Copilot — Em uma correção que expõe a tensão entre funcionalidade e segurança, a Microsoft liberou um patch que fecha a vulnerabilidade apelidada de CoSnitch, um conjunto de falhas que permitia a exfiltração de dados com um único clique e memória persistente infectada.
- Flash resumo: CoSnitch combinava execução automática via URL, exfiltração por URL-fetch e envenenamento de memória; a notificação inicial ocorreu em 31 de dezembro e o conserto final foi aplicado apenas recentemente.
Como a falha CoSnitch explorava o Copilot
O CoSnitch aproveitava três comportamentos do Copilot que, juntos, transformavam uma página maliciosa em ferramenta de roubo de dados. Primeiro, um parâmetro de URL permitia executar prompts automaticamente ao carregar a página — sem clique ou confirmação do usuário.
Depois, prompts injetados podiam consultar apps conectados (Gmail, Drive, Calendar, OneDrive), codificar resultados em uma URL e exfiltrar essas informações via a capacidade de URL-fetch do Copilot para um webhook controlado pelo atacante.
“Nossos clientes já estão protegidos e não precisam tomar nenhuma ação. Atualizamos continuamente nossas barreiras para fortalecer as proteções contra técnicas similares.”
Por que a correção demorou e o risco para ambientes corporativos
A falha foi reportada em 31 de dezembro; uma mitigação parcial que bloqueou a execução automática foi implementada em 1º de fevereiro, mas a correção completa só foi concluída na semana do patch final. O problema recebeu a designação CVE-2026-24301 e foi classificado como crítica.
Além do impacto imediato, há preocupação sobre a unificação de experiências Copilot (preparada pela Microsoft), porque instâncias pessoais podem coexistir em ambientes corporativos, ampliando o risco. Esta é a terceira vulnerabilidade reportada neste ano que explora o mesmo padrão de “um clique” para exfiltrar dados.

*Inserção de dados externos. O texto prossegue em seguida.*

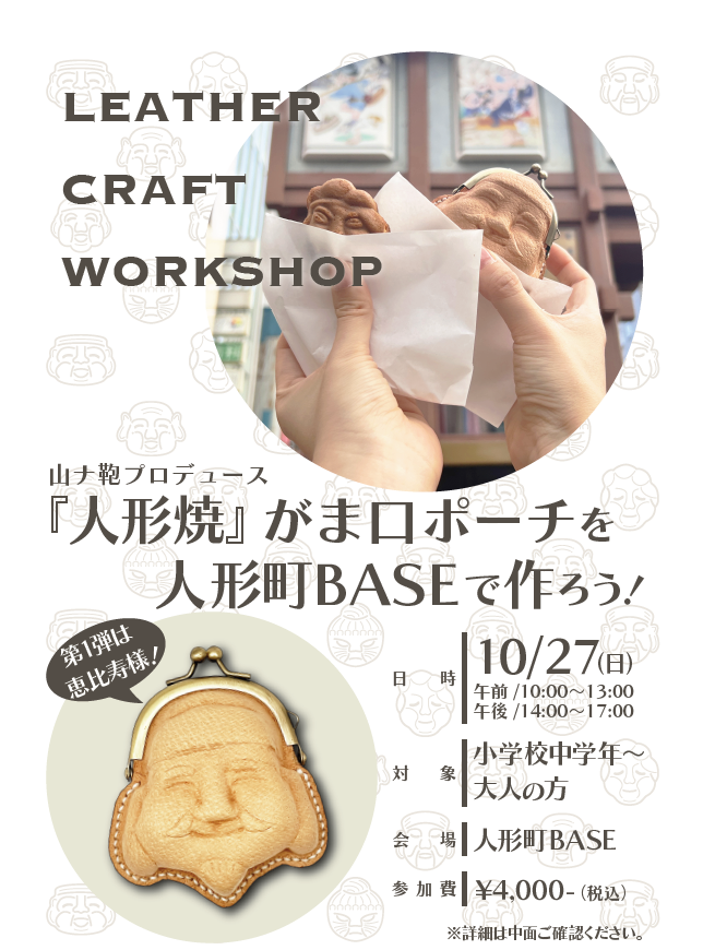 銘菓 人形焼をイメージした、「人形焼」がま口ポーチが作れるワークショップです。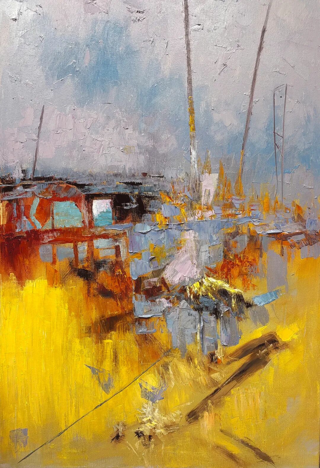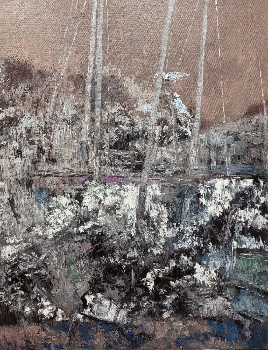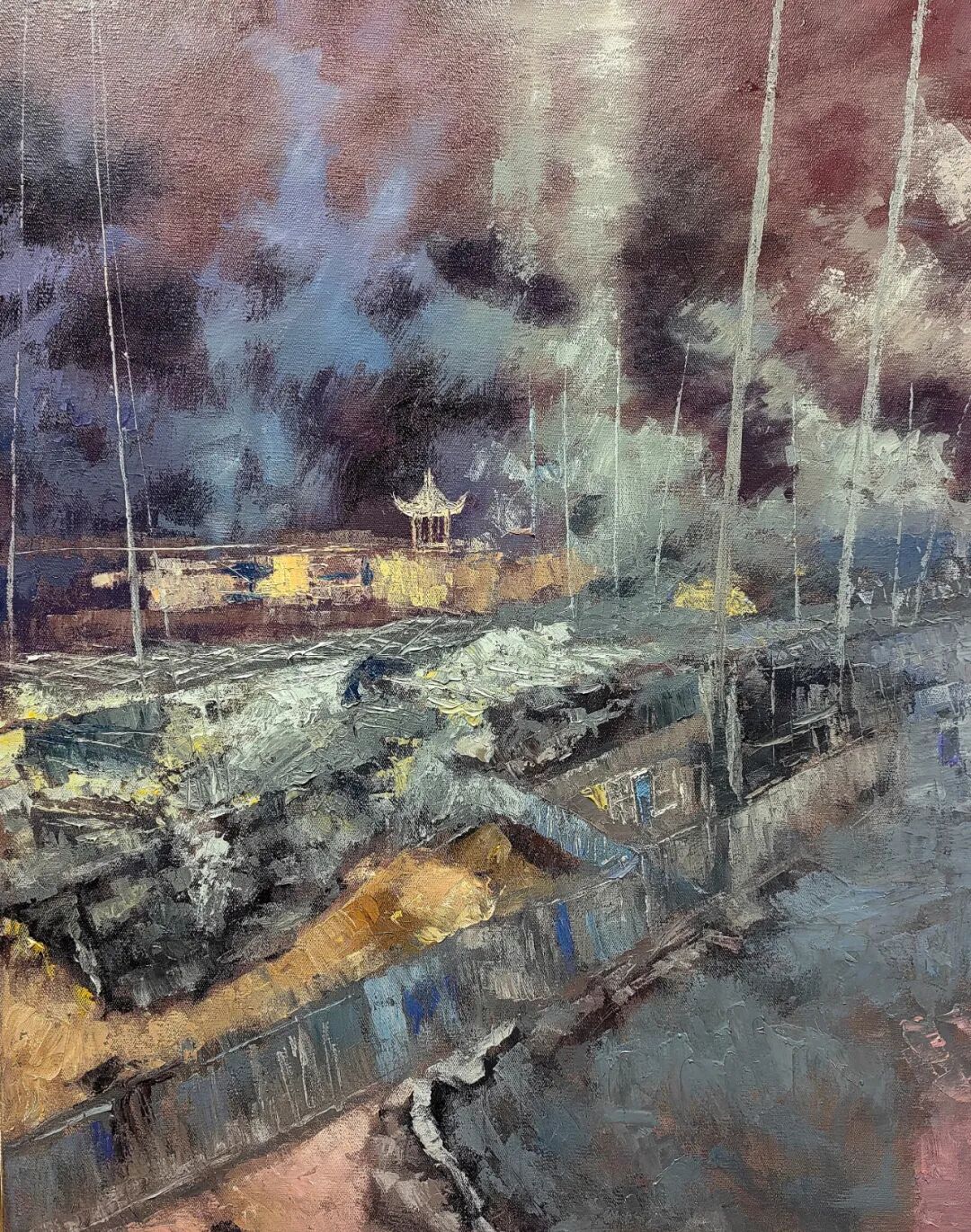 欣赏洪斌先生的油画作品,不难发现他是蕴含了丰富的情感层次,画面时而流露文人式的浪漫哲思,时而又定格在了现实主义的深沉瞬间。并且无论题材如何变化,他也总能以精准而锋利的笔触,剖开表象,直抵本质。亦或者说,他的画布就像是一面镜子,可以映照出对时代的深刻观察与思考。例如他的渔港系列作品——斑驳的光影交织出记忆的碎片,静谧的码头场景则被赋予了一种诗性的“回味感”,丰富的视觉语言在光色中形成,每一处肌理也都是承载着情感的温度,而不再是简单的色彩堆砌。因此在我看来,洪斌先生是真正彰显出了一位时代艺术家所应有的文化自觉与思想底蕴。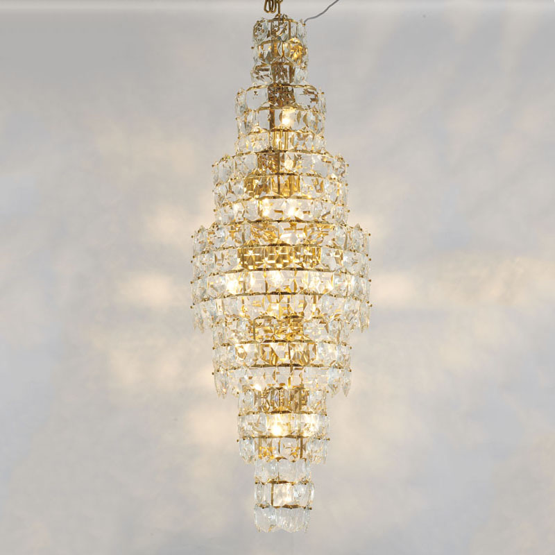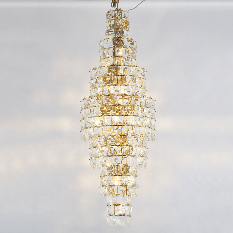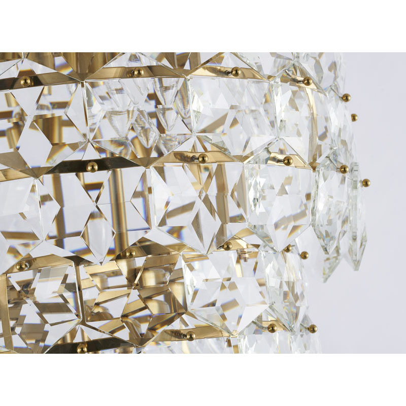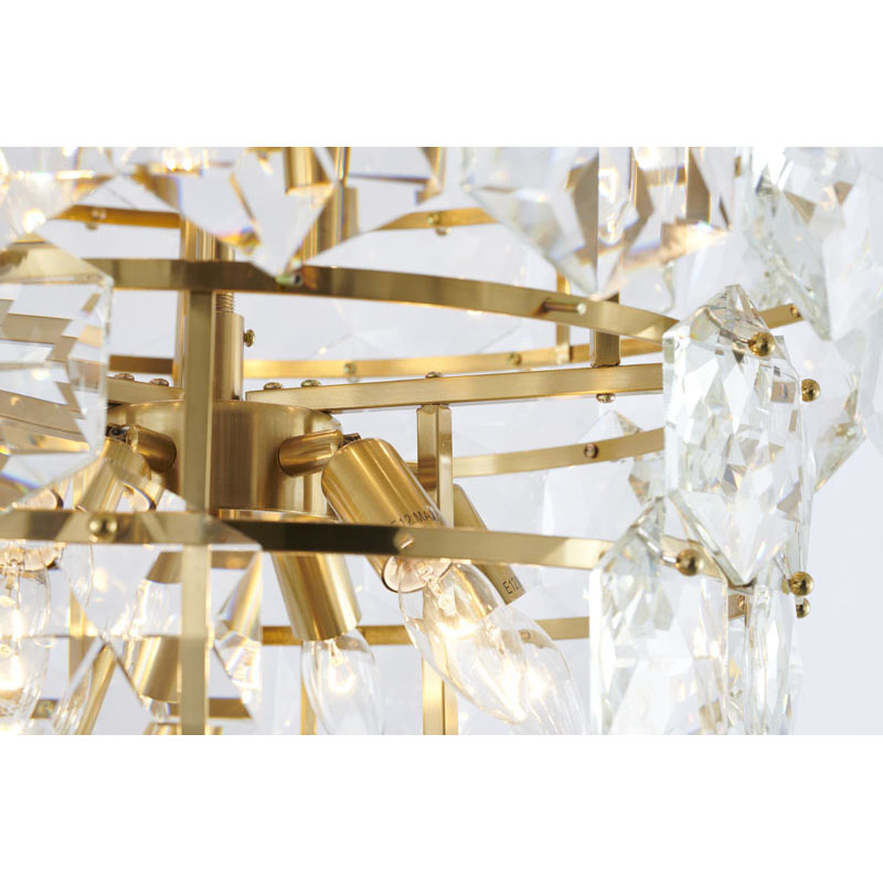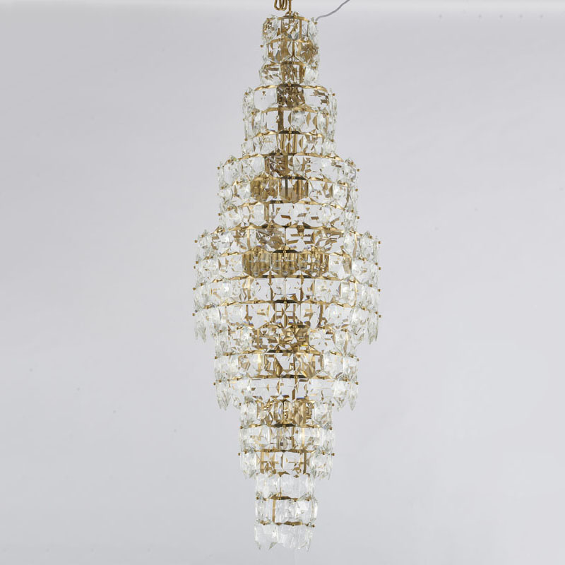 A SEVEN TIER BRASS FRAME CHANDELIER WITH CLEAR HANGING CRYSTALS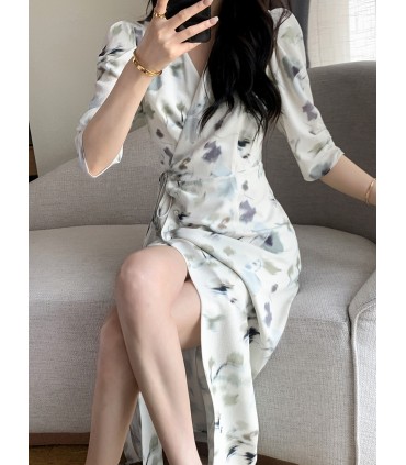 身高160体重51公斤,腰围66客服推荐的码非常无敌合适,很好看,看主播妹妹穿的很美,也喜欢这个花纹,微微的泡泡袖但是袖口是直筒的,还遮胳膊,爱了爱了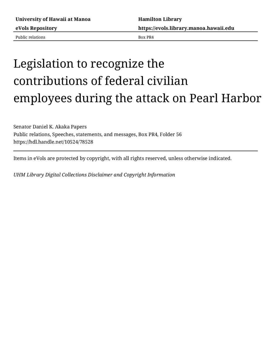 Legislation to recognize the contributions of federal civilian employees during the attack on Pearl Harbor, September 18, 1991, MANUSCRIPT-HCPC00010, Public relations, Speeches, statements, and messages, Box PR4, Folder 56, Senator Daniel K. Akaka Papers, Hawaiʻi Congressional Papers Collection, University of Hawaiʻi at Mānoa Library, Honolulu, HI. https://omekas-congress.lib.wvu.edu/catalog/10524_78528 (accessed April 21, 2026).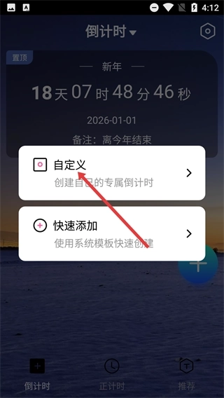 2、在创建选项中点击“自定义”,进入新倒计时的内容编辑页面。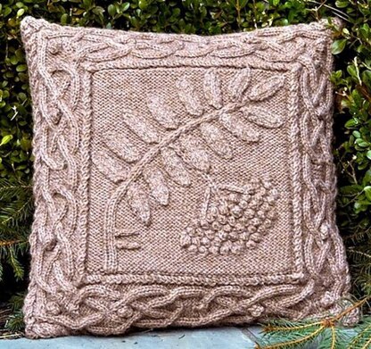 Full text plus charts for the border and center panel. This pattern is written in easy to follow text with special stitches explained. Border is knitted in one long piece while mitering the corners using short rows and with the resulting short ends sewn together. Each leaflet is knitted separately then sewn on. The ancient Celts prized the rowan for its protective properties. This design is one in a series of Celtic botanical knits and this pillow is a companion to the Celtic Oak Pillow. Each few (letter) of the ancient Irish writing called Ogam (pronounced owam) is associated with a sacred tree. The Ogam few called “luis" represents the rowan and is incorporated on this pillow pattern.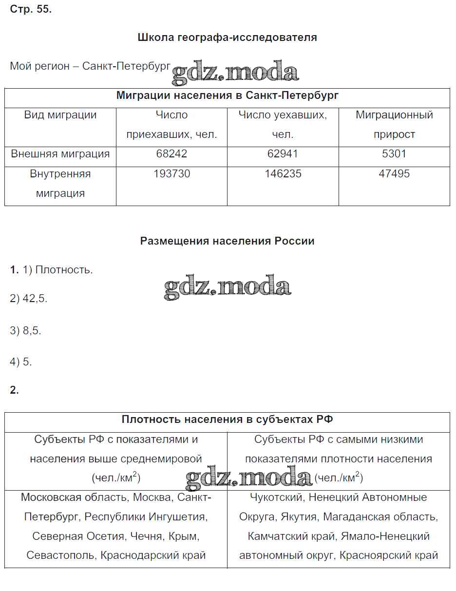 ГДЗ решение к заданию № 55 География 8 класс рабочая тетрадь Пятунин В.Б. Вентана-граф 2017 Часть 1, Часть 2 ФГОС бесплатно на гдз.мода!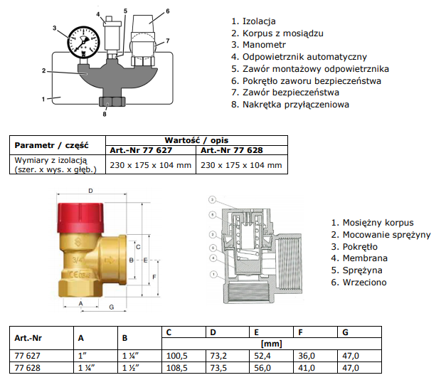 AFRISO KSG MAGNUM GRUPA BEZPIECZEŃSTWA KOTŁA DN32 5/4” 350 KW W IZOLACJI 77 628 (zawór bezp.; odpowietrznik automat.; manometr)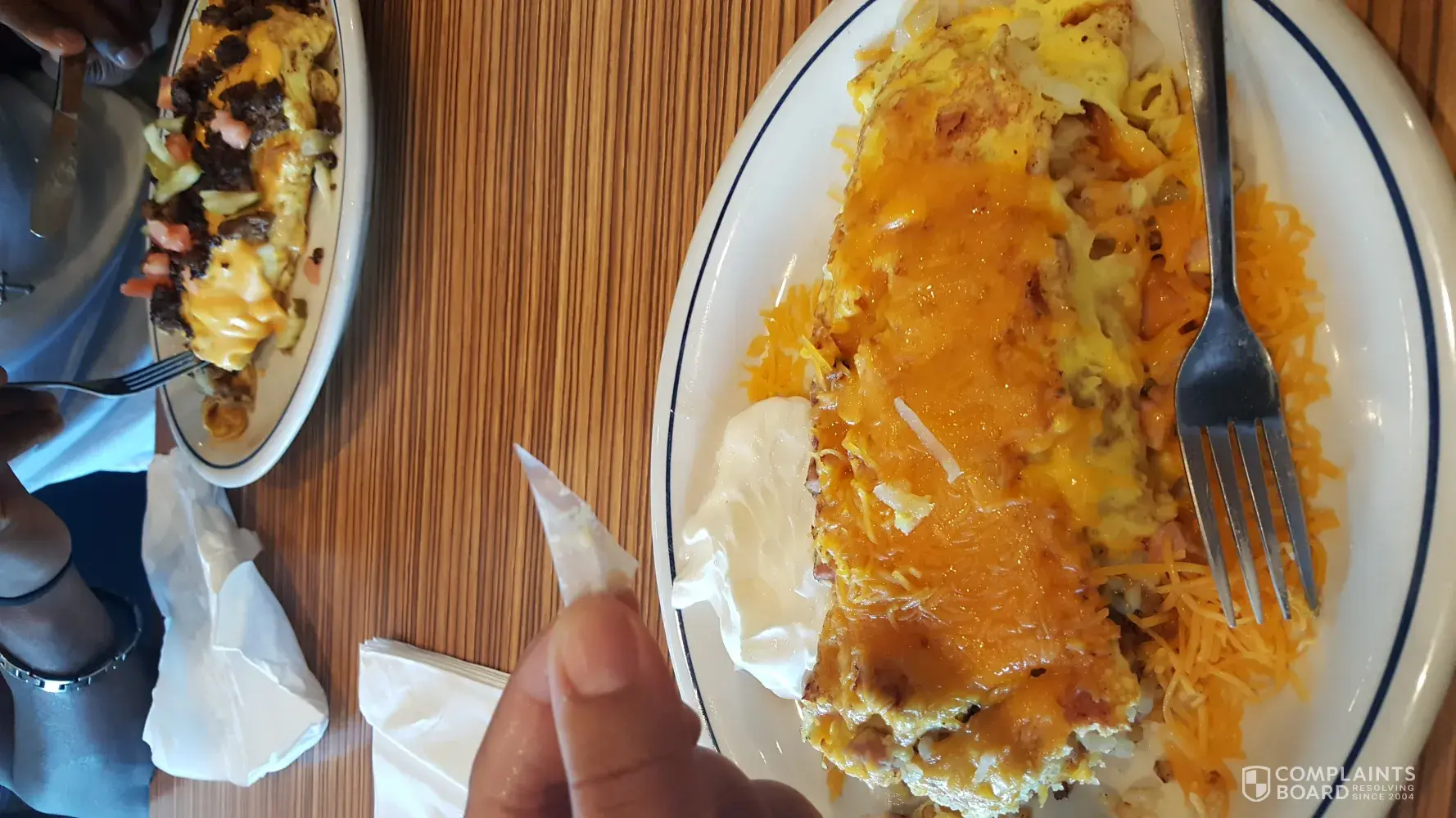 Hello my name is Mariah Rice. Me and my fiance was at ihop yesterday and when i dipped my eggs (omelet) i was chewing on a piece of plastic! I told the manager and they just brushed it off n gabe me 10% off my meal. I was so devastated. I love iHop i recently started goinf about 1 month ago. Because back then people had bad comments about ihop so we never went there til a friend from Tennessee came down to ohio to visit there family and they wanted to go to iHOP for breakfast for there last morning before heading back to Tennessee. We fell in love with the place. We love it! But i just hope he let the person in the back know to be careful for the next person. I also saved a picture i took of it as well. Thank you.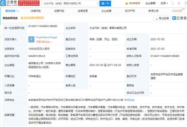 大众汽车(安徽)零部件有限公司信息;图片来源:企查查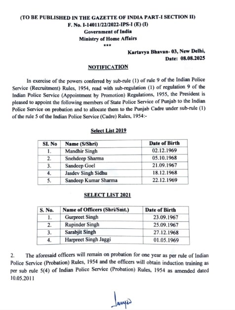 Punjab News: ਕੇਂਦਰੀ ਗ੍ਰਹਿ ਵਿਭਾਗ ਨੇ ਅੱਜ ਇੱਕ ਆਦੇਸ਼ ਜਾਰੀ ਕਰਦਿਆਂ ਪੰਜਾਬ ਪੁਲਿਸ ਦੇ 9 PPS ਅਫ਼ਸਰਾਂ ਨੂੰ IPS ਬਣਾਉਣ ਦਾ ਐਲਾਨ ਕੀਤਾ ਹੈ। ਤਰੱਕੀ ਪਾਉਣ ਵਾਲੇ ਇੰਨ੍ਹਾਂ 9 ਅਫ਼ਸਰਾਂ ਦੀ ਲਿਸਟ ਹੇਠਾਂ ਨੱਥੀ ਹੈ।
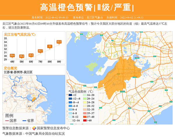 吴江区气象台2022年08月02日09时48分升级发布高温橙色预警信号:预计今天我区大部分地区的街道(镇)最高气温将达37℃左右,请注意防暑降温。 信息来源:国家预警信息发布中心; 发布单位:吴江区气象台。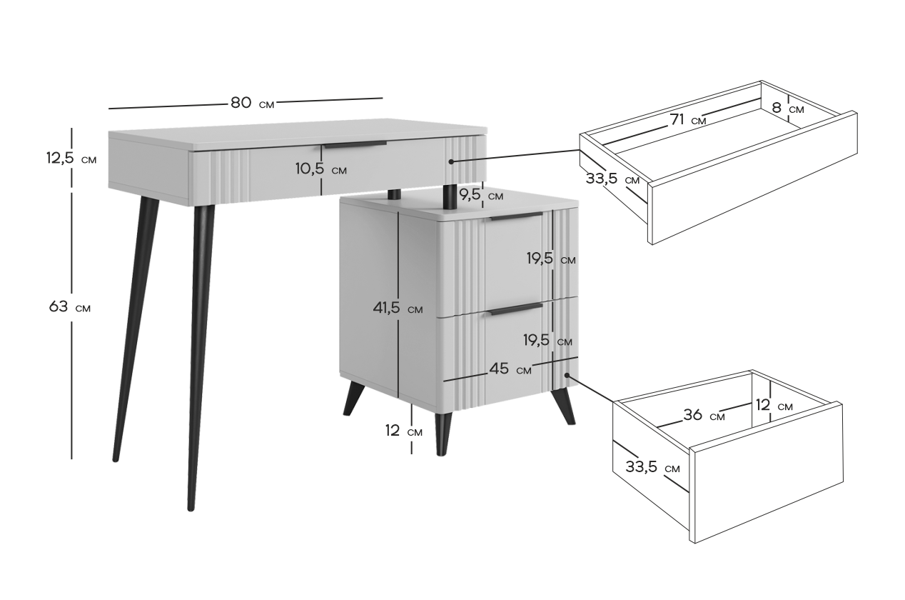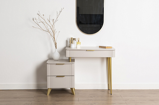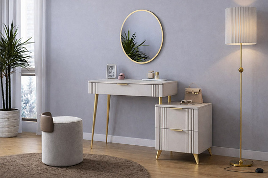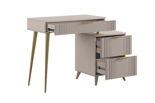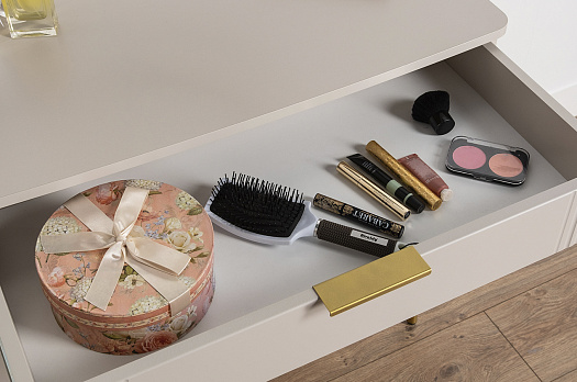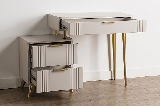 Благодаря своему дизайну трюмо «Катрин Голд» легко впишется в любой интерьер. Выкатные ящики предоставляют достаточно места для хранения различных предметов, а возможность использования трюмо в качестве письменного стола делает его универсальным элементом мебели.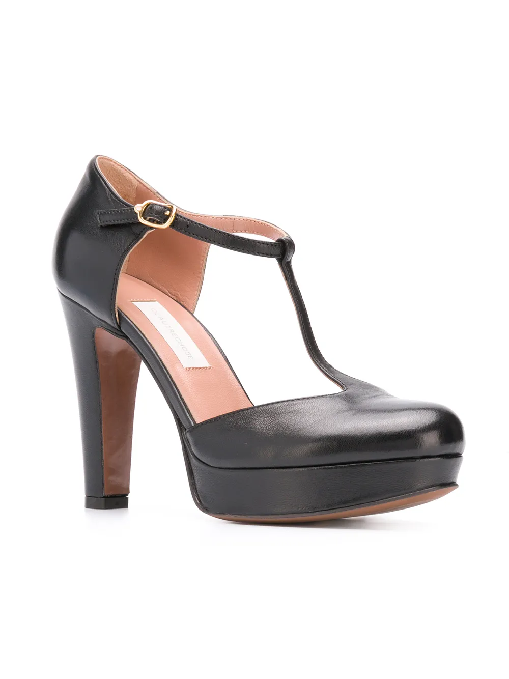 L'Autre Chose Birch leather T-bar sandals - Black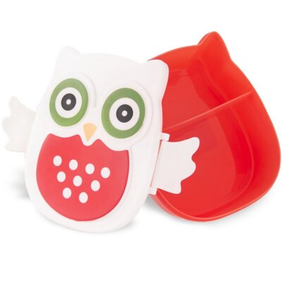Pojemnik śniadaniowy w kształcie sowy. Zamykany na dwa klipsy w kształcie białych skrzydełek. Idealny dla dzieci na drugie śniadanie do szkoły. Posiada dwie przegródki.

O que você acha? Você acredita que empresas deveriam desativar instâncias pessoais do Copilot ou limitar conectores até que a mitigação completa seja verificada? Para acompanhar mais, acesse nossa editoria.
Perguntas Frequentes
O que é a falha CoSnitch e como ela afetou o Copilot?
A falha CoSnitch afetou o Copilot combinando três vetores que permitiam exfiltrar dados com “um clique”. A exploração usava um parâmetro ?q= para executar prompts automaticamente, roubava conteúdo de Gmail/Drive/OneDrive via URL-fetch e gravava instruções maliciosas na memória persistente do Copilot.
Quando a Microsoft foi informada sobre CoSnitch e quando a correção foi aplicada?
A Microsoft recebeu a notificação em 31 de dezembro e implementou uma mitigação parcial em 1º de fevereiro que bloqueou a execução automática; a correção completa associada ao CVE-2026-24301 só foi liberada recentemente, meses depois da divulgação inicial.
Quais vetores exatos o CoSnitch combinou para roubar dados do Copilot?
O CoSnitch combinou três vetores: execução automática de prompt via parâmetro de URL, exfiltração usando a função de URL-fetch para enviar dados de Gmail/Drive/Calendar/OneDrive a um webhook, e envenenamento de memória persistente por meio da sumarização de páginas web.
O CVE-2026-24301 resolve todas as consequências do CoSnitch?
O CVE-2026-24301 identifica a falha como crítica e cobre as correções finais publicadas pela Microsoft, mas uma mitigação parcial já havia sido feita em 1º de fevereiro; analistas alertam que aspectos como memória persistente exigem validação contínua em ambientes reais.
Como as empresas devem reagir ao risco exposto pela CoSnitch no Copilot?
Organizações que usam Copilot devem revisar conectores OAuth e políticas de acesso a Gmail/Drive/OneDrive, restringir instâncias pessoais vinculadas a contas corporativas e considerar medidas temporárias, incluindo a desativação de Copilot em dispositivos de alto risco até confirmar a eficácia do patch.